Police were just in my backyard to recover a loaded .38. What the fuck?????
He asked if it was my vagina. I told him it was my butt. Clearly I need to buy him a map of the female form.
you were carrying around a glass of vodka telling everyone it was Russian water
A homeless guy asked you to feel your boobs, you accepted in exchange for his broom to go with your witch costume..... that's when I cut you off
Restaurants Roasting People Who Gave Them Negative Yelp Reviews (25 Pics)
You told the cops that they couldn't arrest you because they weren't hot enough to fuck
The bar I'm at just passed out smores to everyone. I don't know what it has to do with cinco de mayo but I'm down.

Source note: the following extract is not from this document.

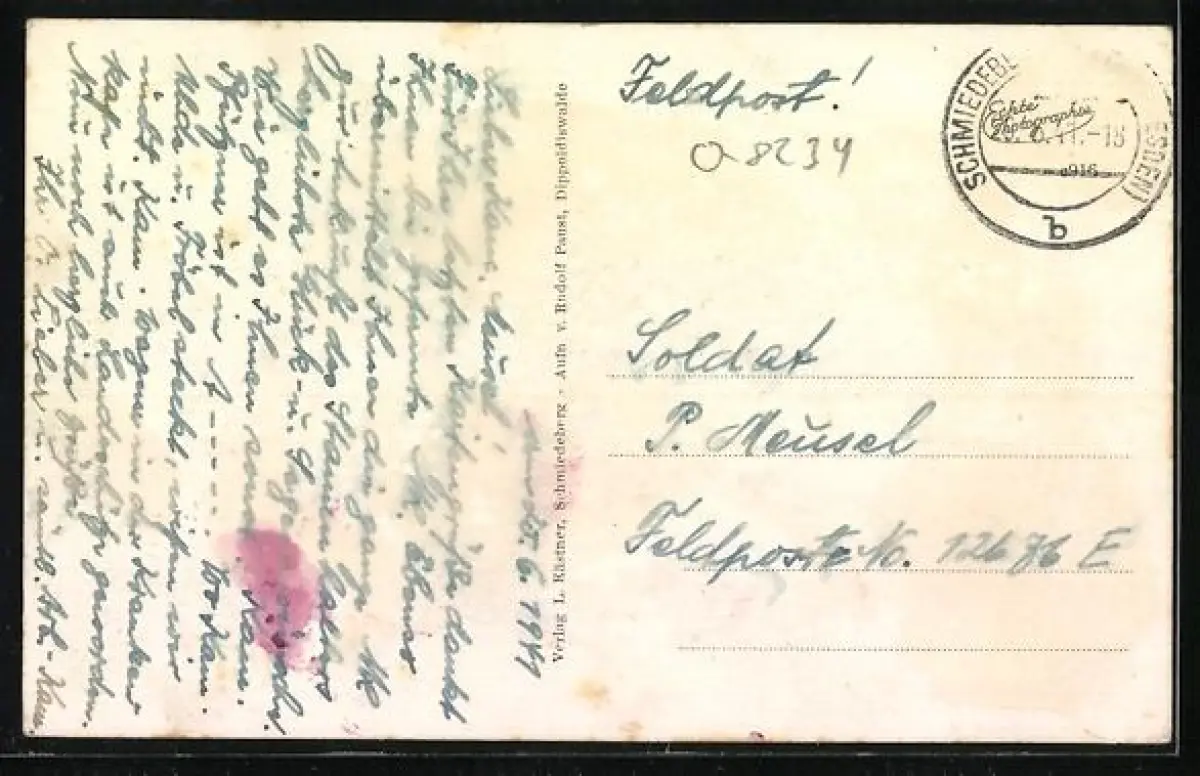 alte Ansichtskarte, gelaufen, rückseitig Klebe- und Papierreste, Eckknick oben links, guter Zustand

I woke up wearing a cow costume. I'm not even gonna try to recall what happened last night.
Dude, I couldn't come. She sounded like a goddamn dying walrus.
Washing vom off hardwood, so much easier than carpet. Thank you adulthood!
Woman Posts Harassing DMs From Creep Online, Now He’s Upset Because People Told His Mom
Good news. Isn't krabs. Bad news. Not sure what it is. Worse news. Encouraged not to fuck till known. Great news getting laid tonight
Him cheating on his girlfriend resulted in a $1500 hospital bill from repeated blows to his testicles by my ass. They diagnosed his pain as "testicle trauma". Sex karma at it's finest.
Hey, is this going to be a real date, or am I just meeting you at a hotel to have sex in the bathroom? Given our history, I think it's a fair question.
He's tweaking out . If he's on fucking bathsalts and eats my face like a chalupa pull the plug. I don't want to live with no fucking face. Pull. The. Plug.
I never thought I'd end up with a prison pen pal through tinder
I wasn't that drunk.
You were calling my cat 'Simba' and holding him up in the air.